▸ WORK TO BE COMPLETED:
Your answer should hold only the lines from the start of the data below through the line with "薄く作ったバングに柔らかくパ", copied exactly, with pictures left out.

▸ MATERIAL FOR THE TASK:
▬▬▬
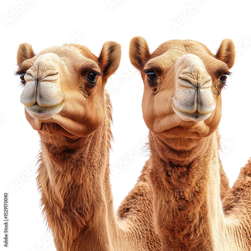 © doly, Obraz premium two camel heads isolated on transparent background.
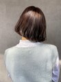 薄く作ったバングに柔らかくパーマをかけています。普通のボブスタイルに飽きてしまった方や少し動きをつけたい方におすすめしています。全体は9トーンのブルーグレージュカラーに。大人っぽく上品に仕上げています。
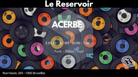 ACERBE Acerbe is a Brussels-based DJ who spins everything from old school funk and disco to tech house, acid techno and uk garage. His roots lie in his love of two strong musical currents : FUNK and PUNK. Acerbe channels their energies into a joyful mixture of grooves designed to shake the dancefloor, carefully choosing the right moment to unleash them. Come get your funky fix! Acerbe est un DJ bruxellois qui mixe tant le funk old school et le disco que la tech house, l'acid techno ou l'uk garage. Il puise son inspiration dans deux genres musicaux fort marqués : le FUNK et le PUNK. Acerbe canalise ces énergies en un mélange joyeux de tracks conçues pour chauffer le dancefloor, choisissant patiemment le moment approprié pour les déchaîner. Facebook : https://www.facebook.com/ACERBEBRUSSELS/ Mixcloud: mixcloud.com/acerbe DJ SET - 20:00 - 1:00 - Respecter les règles de distanciation sociale - Port du masque obligatoire pour tout déplacement - Limiter vos déplacements dans l’établissement - Pas de dancing
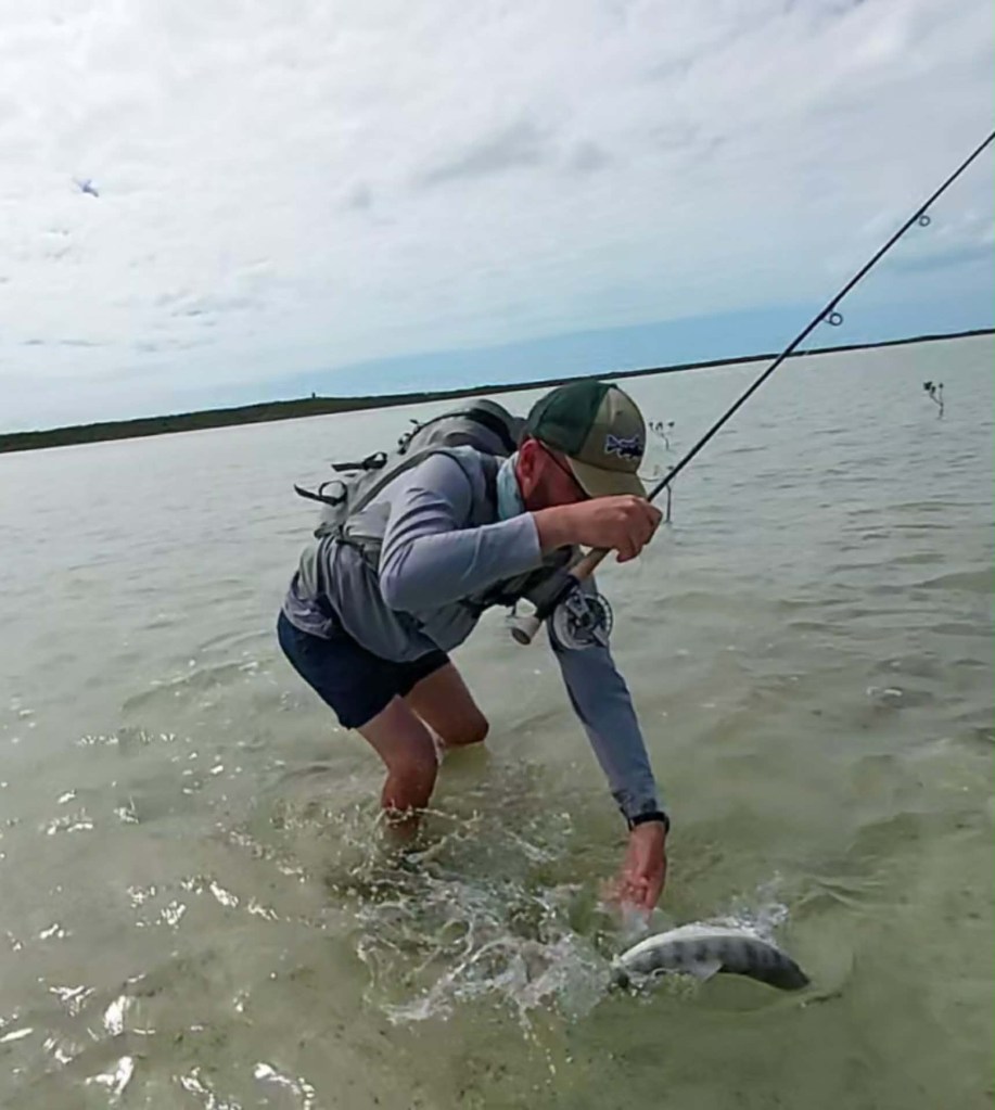 Vi hoppe i vandet og snart har vi en fin kæde kørende. Morten som er en helt eminent fluekaster, fisker og bone-fish spotter (samt et generelt fantastik menneske) er guld værd at have med på mit første forsøg. Fine instruktoner og det føles bare rart at gå i dejlig lunt vand med solen bagende ned på ens vinterkolde krop og langsomt blive varmet op til Bahamas temperaturer.
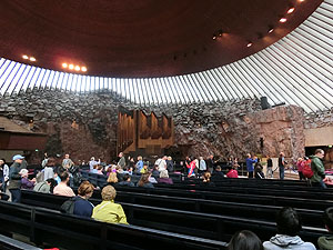 トラムでTemppeliaukion kirkko(テンペリアウキオ教会)へ行く予定でしたが、トラムがあまり動いていない感じだったのでホテルから徒歩で行きました。15分程度。岩盤に作られたルーテル派の教会で素敵なデザインです。でも韓国や中国の団体客が多く、「静かに」のアナウンスも直後は効き目があるが、すぐに喧噪に包まれる。ちょっと興ざめですが、建物、空間デザインはさすがです。
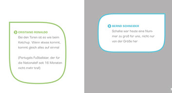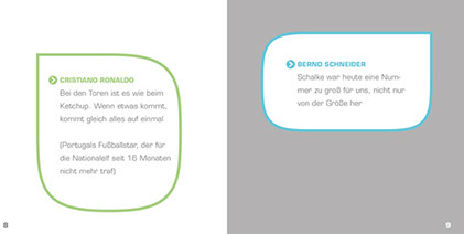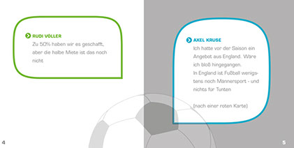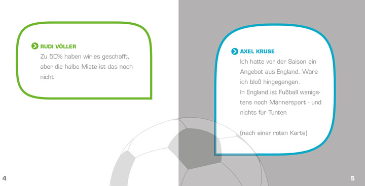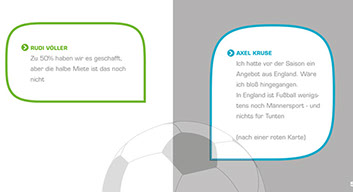Das Highlight neben Bierfass, Spielplan, und diversen Giveaways ist das Heft mit einer Fußball-Zitate-Sammlung.
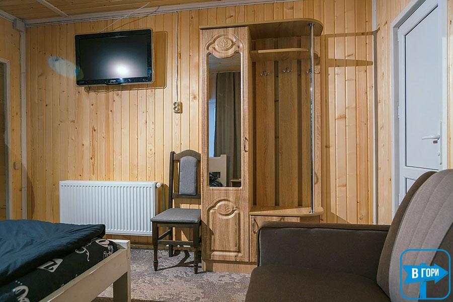 4 двухместных номера (в каждом есть двуспальная кровать, шкаф для одежды, телевизор, дополнительное место — раскладной диван; санузел — душевая кабина, туалет, умывальник). Каждый номер имеет отдельный вход снаружи.
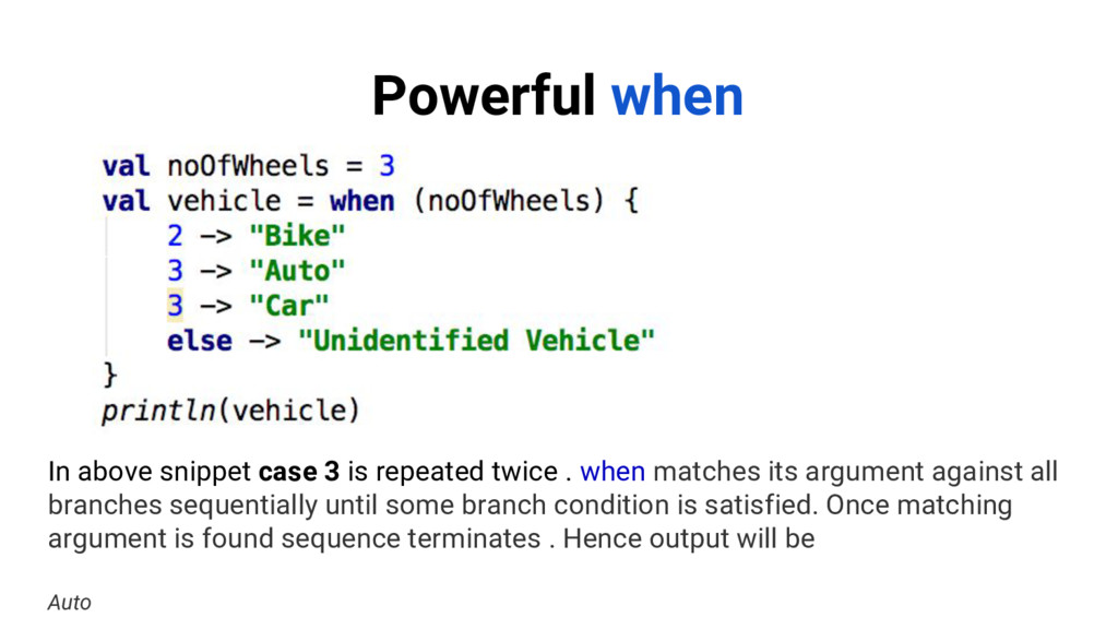 . when matches its argument against all branches sequentially until some branch condition is satisfied. Once matching argument is found sequence terminates . Hence output will be Auto
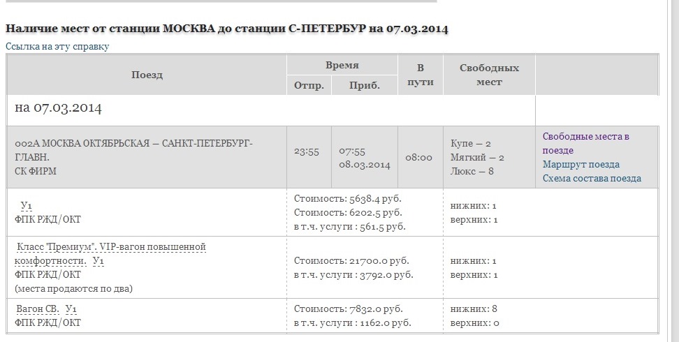 Я наблюдал пару дней назад. Не ушли.serg:Опрометчивый вывод. При тотальном дефиците мест, на этот поезд места могут быть выкуплены "теми, кому положено", либо "пойманы кассирами" в момент снятия брони. А при наличии некоторого спроса, эти места уходят в первую очередь, а те которые были свободными до снятия брони остаются нераскупленными - проверено на практике...
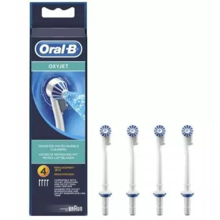 Końcówka Oral B Jets: 4 wymienne dysze do irygatora Oral-B, Strumień pojedynczy (mono) do wypłukiwania resztek jedzenia, Prysznic (multi) do kompletnej higieny jamy ustnej, Pasują do modeli: Professional Care 8500 Oral Care Center i irygatora Professional Care 8500 OxyJet (OC17 i MD17). Pasują również do modeli: MD15 i OC15.
▬▬▬
▸ SOLUTION FOR THIS EXERCISE:
 © doly, Obraz premium two camel heads isolated on transparent background.
 薄く作ったバングに柔らかくパーマをかけています。普通のボブスタイルに飽きてしまった方や少し動きをつけたい方におすすめしています。全体は9トーンのブルーグレージュカラーに。大人っぽく上品に仕上げています。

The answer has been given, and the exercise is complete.